PROVIDED RECORDS Block Start

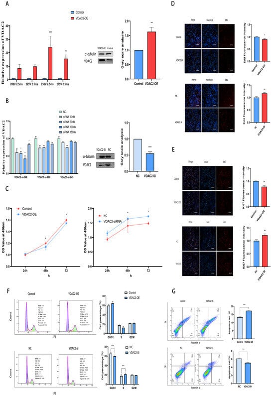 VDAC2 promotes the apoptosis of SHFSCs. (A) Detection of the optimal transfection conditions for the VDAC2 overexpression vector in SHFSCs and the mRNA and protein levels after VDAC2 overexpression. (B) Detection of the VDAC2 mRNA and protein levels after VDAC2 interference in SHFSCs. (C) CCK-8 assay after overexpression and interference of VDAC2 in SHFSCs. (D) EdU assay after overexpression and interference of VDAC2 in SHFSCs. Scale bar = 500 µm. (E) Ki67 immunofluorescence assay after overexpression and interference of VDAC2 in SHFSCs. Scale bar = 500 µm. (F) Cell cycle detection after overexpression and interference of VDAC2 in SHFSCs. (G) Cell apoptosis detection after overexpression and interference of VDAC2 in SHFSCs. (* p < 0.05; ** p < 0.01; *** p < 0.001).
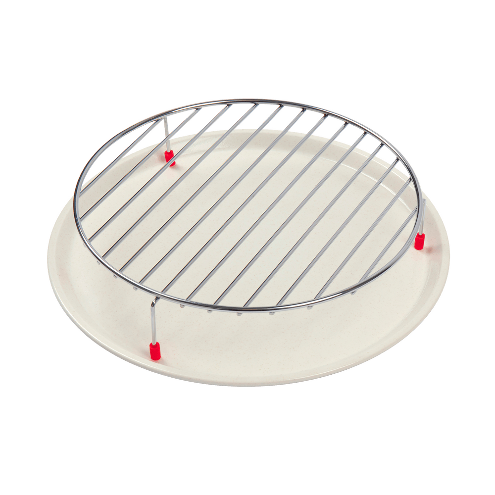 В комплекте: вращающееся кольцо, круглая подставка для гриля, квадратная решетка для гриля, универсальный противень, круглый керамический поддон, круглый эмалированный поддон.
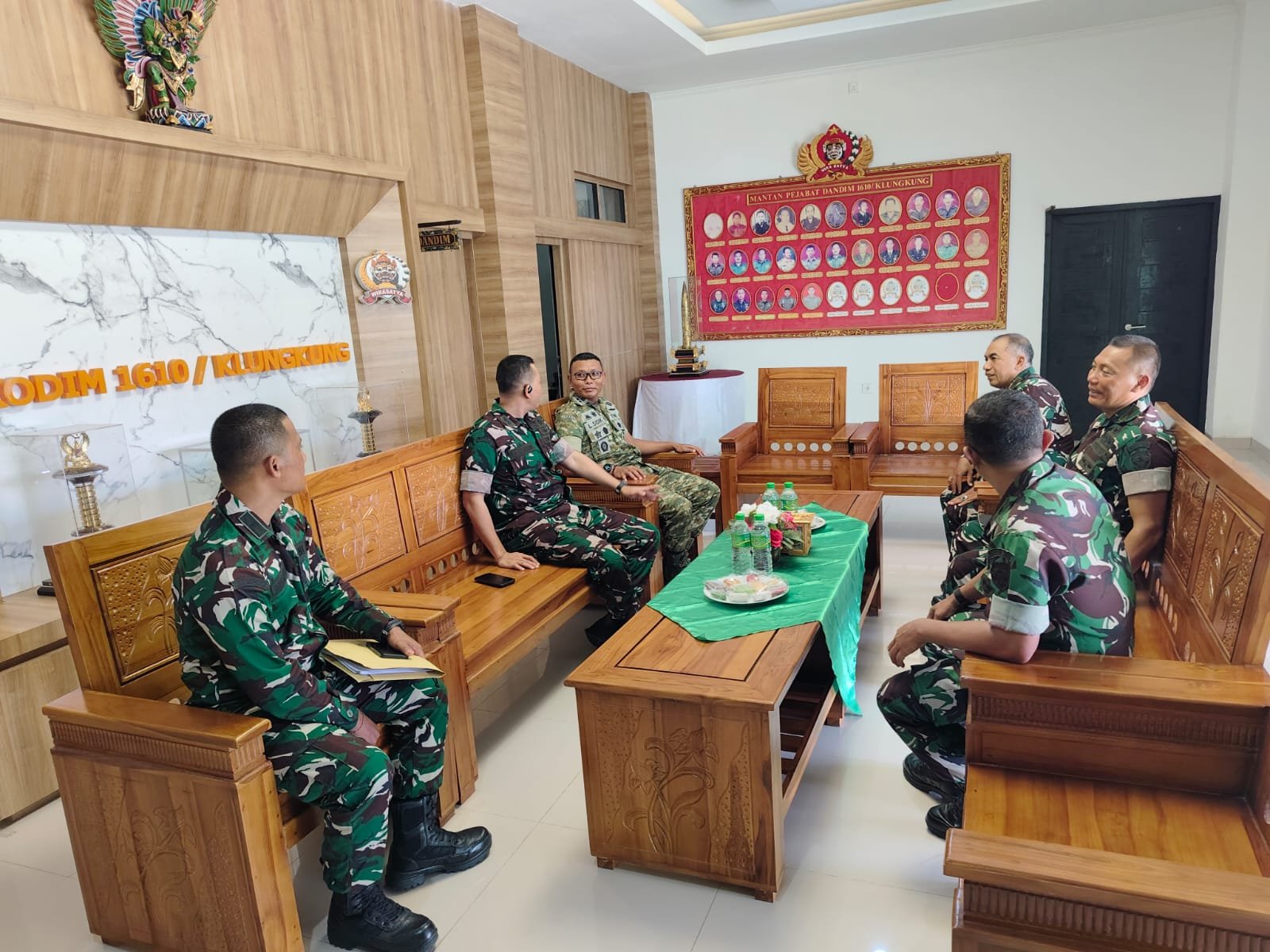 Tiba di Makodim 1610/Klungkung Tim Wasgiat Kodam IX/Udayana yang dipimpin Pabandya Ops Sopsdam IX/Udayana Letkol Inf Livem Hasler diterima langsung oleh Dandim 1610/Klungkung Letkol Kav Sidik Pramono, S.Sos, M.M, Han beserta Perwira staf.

PROVIDED RECORDS Block End
PROVIDED RECORDS Block Start

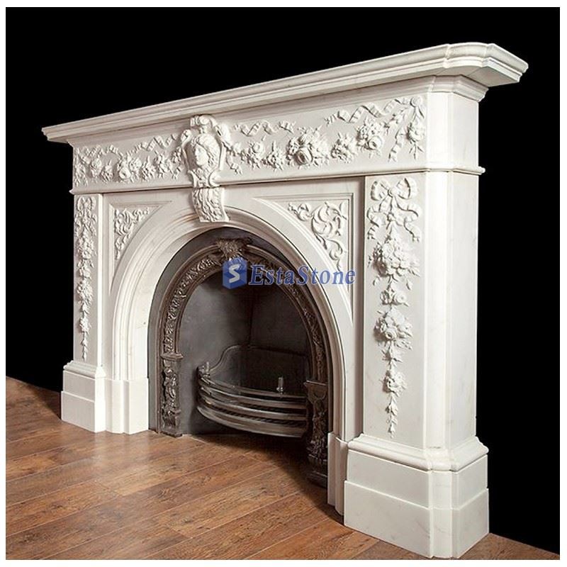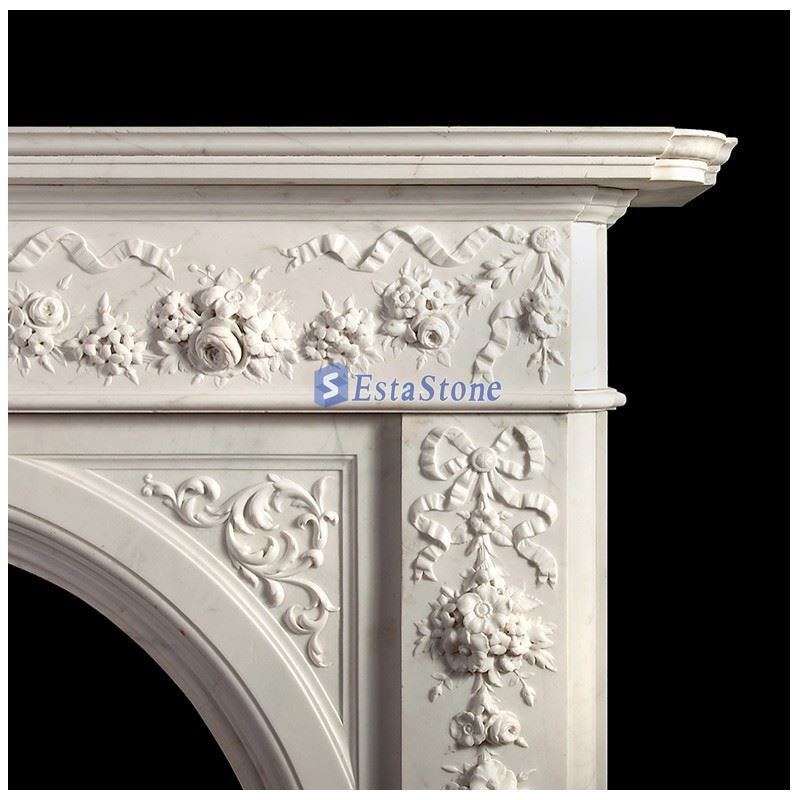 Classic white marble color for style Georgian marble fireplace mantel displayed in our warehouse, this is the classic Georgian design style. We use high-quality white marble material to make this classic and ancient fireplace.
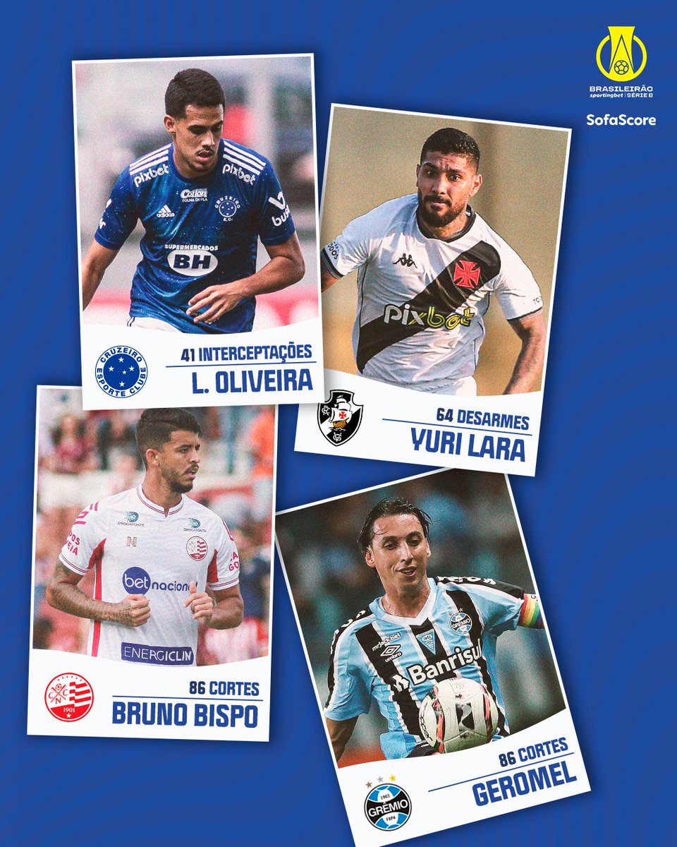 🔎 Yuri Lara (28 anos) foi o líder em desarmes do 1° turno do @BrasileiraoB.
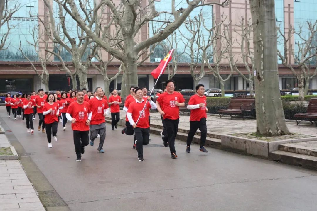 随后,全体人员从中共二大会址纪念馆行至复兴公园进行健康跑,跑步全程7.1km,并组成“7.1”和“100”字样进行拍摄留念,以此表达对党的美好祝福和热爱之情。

PROVIDED RECORDS Block End
PROVIDED RECORDS Block Start

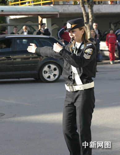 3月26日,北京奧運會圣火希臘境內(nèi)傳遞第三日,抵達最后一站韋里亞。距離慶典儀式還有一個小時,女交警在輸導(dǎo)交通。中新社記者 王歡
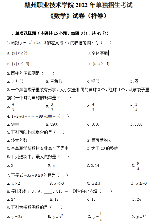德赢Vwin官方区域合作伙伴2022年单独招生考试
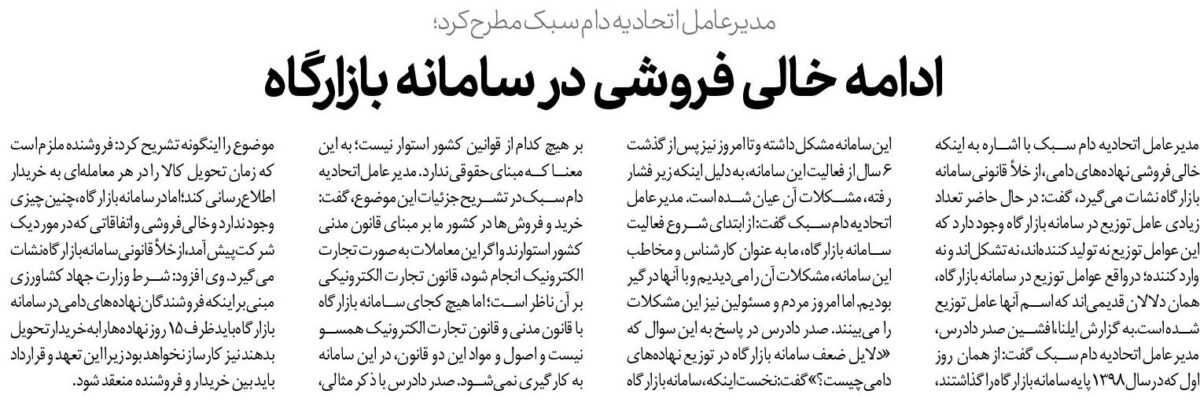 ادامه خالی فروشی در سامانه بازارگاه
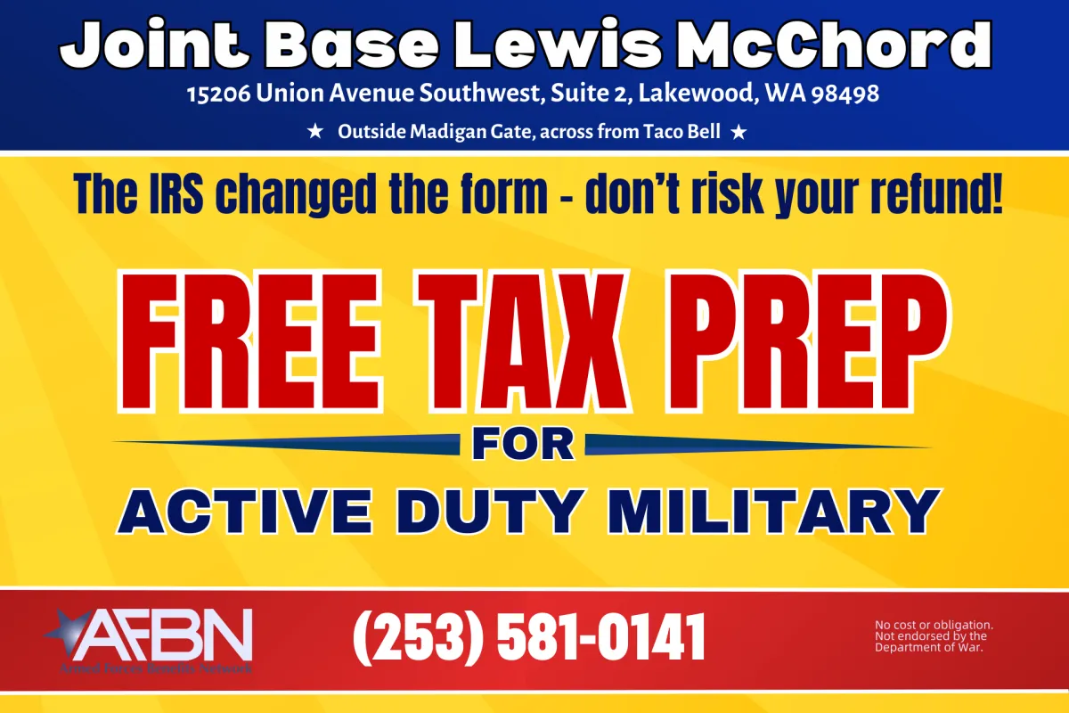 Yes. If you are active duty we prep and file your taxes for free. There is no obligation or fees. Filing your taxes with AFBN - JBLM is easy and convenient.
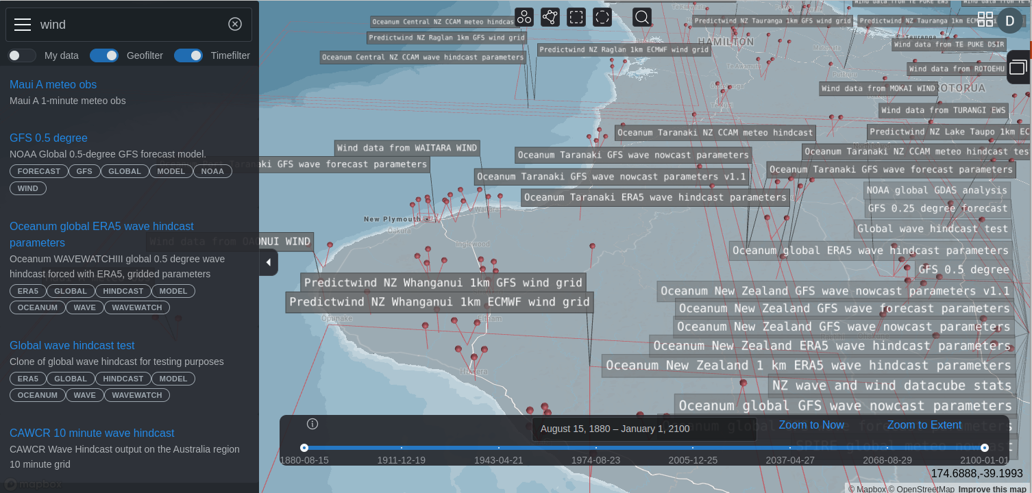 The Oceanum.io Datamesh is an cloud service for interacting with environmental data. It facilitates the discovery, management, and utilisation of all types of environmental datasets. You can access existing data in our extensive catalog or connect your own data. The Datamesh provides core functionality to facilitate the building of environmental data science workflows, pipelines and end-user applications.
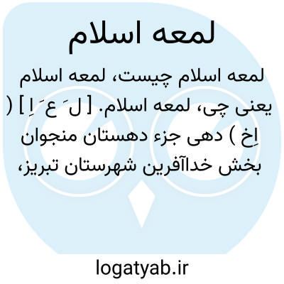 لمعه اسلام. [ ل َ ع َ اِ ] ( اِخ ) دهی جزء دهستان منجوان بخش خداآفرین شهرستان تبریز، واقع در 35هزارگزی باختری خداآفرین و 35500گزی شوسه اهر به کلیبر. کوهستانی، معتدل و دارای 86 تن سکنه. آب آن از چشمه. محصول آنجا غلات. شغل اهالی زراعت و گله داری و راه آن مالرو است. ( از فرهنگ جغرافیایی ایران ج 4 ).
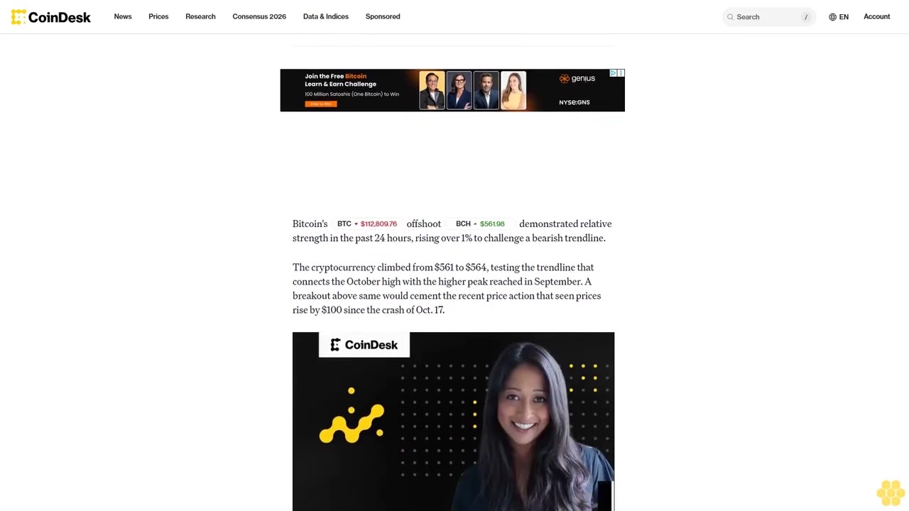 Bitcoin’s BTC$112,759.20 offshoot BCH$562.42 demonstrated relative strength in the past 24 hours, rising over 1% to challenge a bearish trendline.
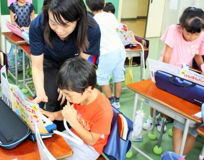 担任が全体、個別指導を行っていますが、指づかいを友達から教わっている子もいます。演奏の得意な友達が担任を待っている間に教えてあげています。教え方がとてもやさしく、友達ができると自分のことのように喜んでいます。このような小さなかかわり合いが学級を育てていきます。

PROVIDED RECORDS Block End

Beginning with the line holding "В комплекте: вращающееся" in the material above, restate word for word each line through the line holding "Tiba di Makodim", and exclude pictures.

§ RESPONSE AREA
 В комплекте: вращающееся кольцо, круглая подставка для гриля, квадратная решетка для гриля, универсальный противень, круглый керамический поддон, круглый эмалированный поддон.
 Tiba di Makodim 1610/Klungkung Tim Wasgiat Kodam IX/Udayana yang dipimpin Pabandya Ops Sopsdam IX/Udayana Letkol Inf Livem Hasler diterima langsung oleh Dandim 1610/Klungkung Letkol Kav Sidik Pramono, S.Sos, M.M, Han beserta Perwira staf.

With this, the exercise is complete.